The first run came back thin. Wikipedia and Gutenberg both produced fewer candidates than expected, and the per-domain medians barely moved. Most of the new positives went to common quantifier words: some, many, all. The ones most likely to be the only known concept in any given sentence.
That last detail was the clue.
The Rule That Was Right and Wrong
The book ingestion pipeline has a strict rule: if a sentence mentions more than one known concept, drop it. The rule was correct for the original use case. You never want to assign the wrong concept to a sentence. But it was actively working against us here. The sentences we needed most, ones like "the cell membrane regulates what enters the cell," got dropped because they mention two concepts.
We almost missed it. The clue was that common quantifier words kept getting the new positives. They're the ones most likely to appear alone in a sentence. The interesting concepts, the semantically rich ones, were still getting filtered out at every pass.
We sandboxed a relaxed variant: assign multi-concept sentences to the least-common concept. The argument is information-theoretic. Rare concepts gain more from each new positive. A 50-sample spot-check came back 88% good, 12% defensible-either-way, 0% wrong. We shipped it as a separate file.

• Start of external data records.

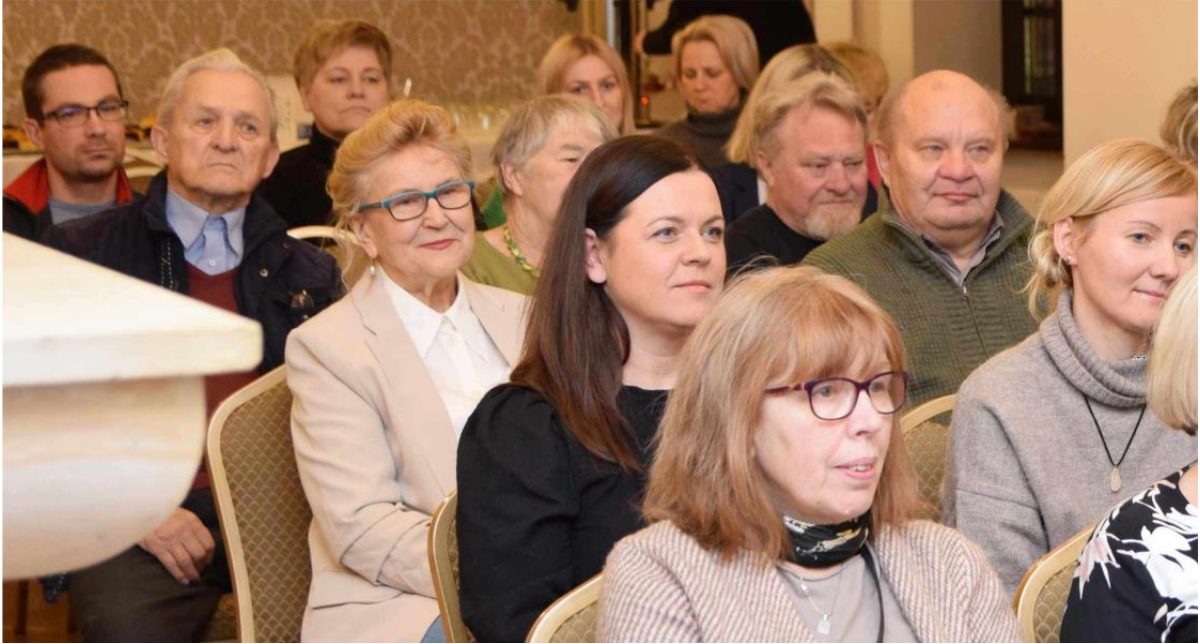
Zdjęcie przedstawia uczestników spotkania z Liderami.
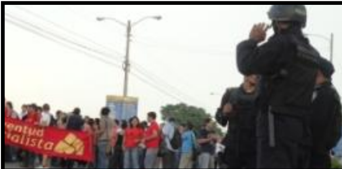
↑ Defendiendo sus derechos en las calles pese a la represión
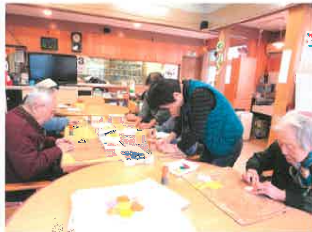
折り紙で六角の花作り・・・
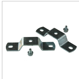
BRD001 BRIDE DE FIXATION SATURNO LOT DE 2
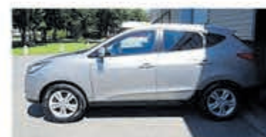
Hyundai ix35 2.0i CVVT StyleVersion 4WD €9.750,-
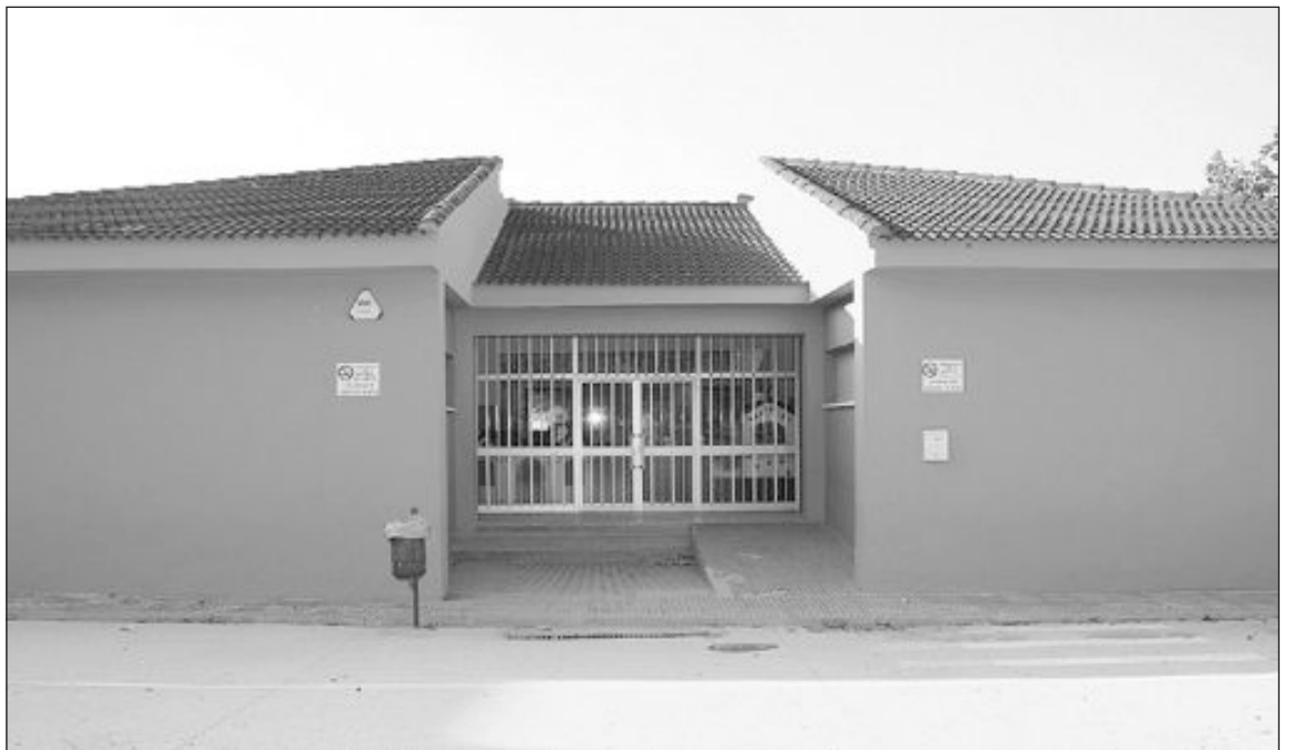
Aseos del colegio Felicidad Bernabeu

The original strict rule still serves Discovery unchanged.
181 more concepts crossed the threshold. Per-domain medians moved up three to five positives across the board.
Phase 3: Generation
The last data step. We pulled everything together: book ingestion proposals, elaboration candidates, and the new Path B output. One training file: 94,000 natural-context pairs covering 96.7% of the vocabulary. Wired into the encoder trainer's Phase A data list.
The trainer now had three times its previous data. Every phase gate had passed. We hit run on the retrain and set a timer. 65 minutes later, we'd know if the data had been the problem all along.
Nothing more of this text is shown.